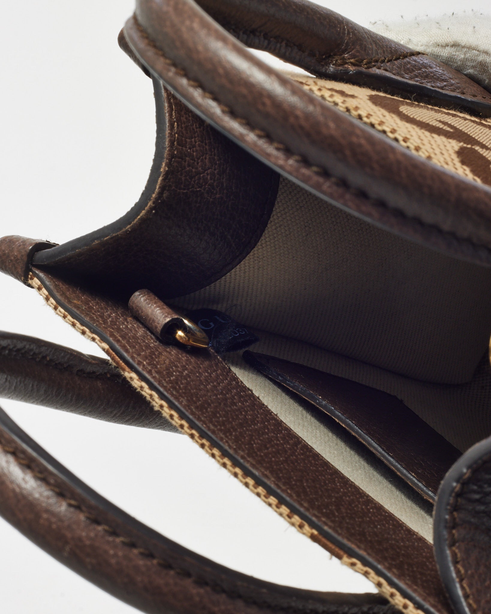 Infuse your look with iconic house style using this pre-loved authentic Gucci Beige and Brown Jumbo GG Monogram Canvas Mini 2Way Tote. Crafted from oversized GG monogram canvas with brown leather trim, this compact yet structured silhouette features dual top handles and a detachable green and red web shoulder strap for versatile carry options. Finished with gold-tone hardware and a canvas-lined interior, this mini tote is perfect for hands-free city days while making a bold statement in a scaled-up classic.
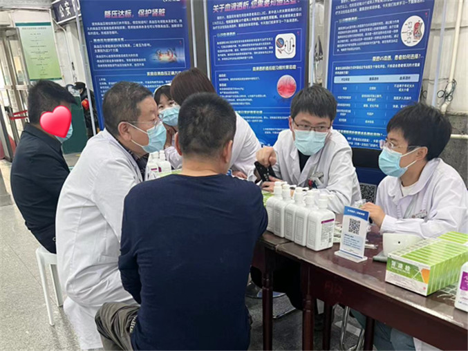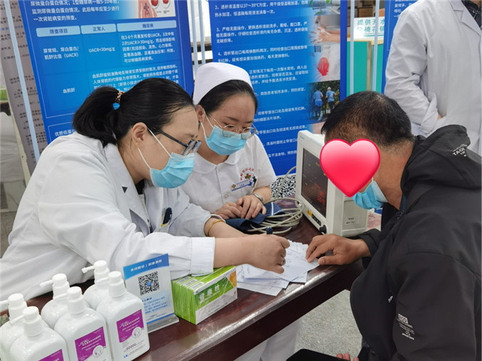 在活动现场,医生对咨询群众耐心细致地问诊,查体,详细解答患者的各种疑问,指导合理使用药物,给予饮食、作息、生活习惯等方面合理化建议,护理人员免费为患者测量血压、血糖,发放肾脏病知识宣传手册,并对肾脏病患者护理方面的问题进行详细解答。
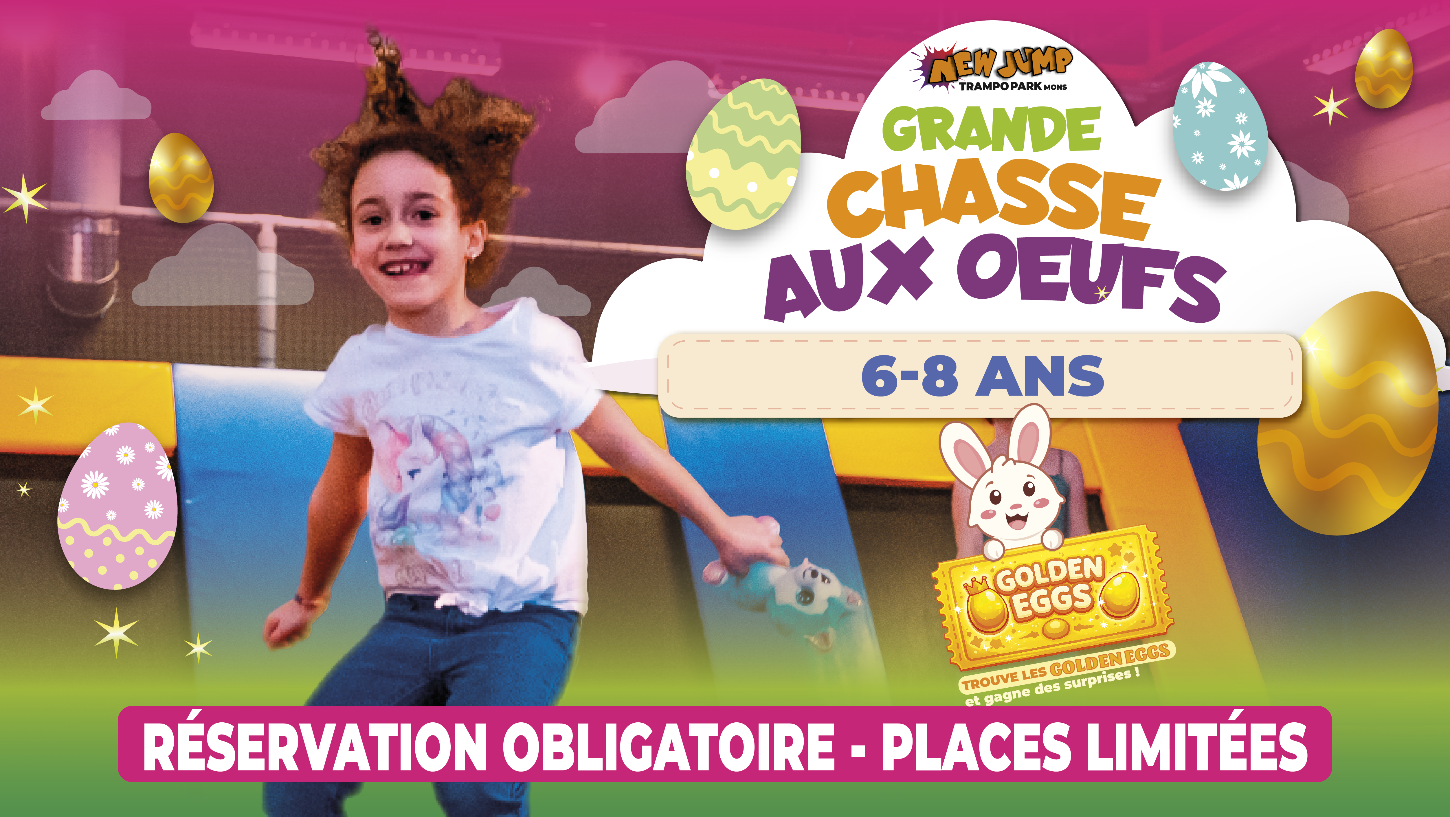 Viens fêter Pâques avec ta famille dans notre parc à trampoline New Jump Mons.

------------------------------------------------------------

None of the pictures belong in the copy; transcribe the rest of the data exactly.

 Infuse your look with iconic house style using this pre-loved authentic Gucci Beige and Brown Jumbo GG Monogram Canvas Mini 2Way Tote. Crafted from oversized GG monogram canvas with brown leather trim, this compact yet structured silhouette features dual top handles and a detachable green and red web shoulder strap for versatile carry options. Finished with gold-tone hardware and a canvas-lined interior, this mini tote is perfect for hands-free city days while making a bold statement in a scaled-up classic.
 在活动现场,医生对咨询群众耐心细致地问诊,查体,详细解答患者的各种疑问,指导合理使用药物,给予饮食、作息、生活习惯等方面合理化建议,护理人员免费为患者测量血压、血糖,发放肾脏病知识宣传手册,并对肾脏病患者护理方面的问题进行详细解答。
 Viens fêter Pâques avec ta famille dans notre parc à trampoline New Jump Mons.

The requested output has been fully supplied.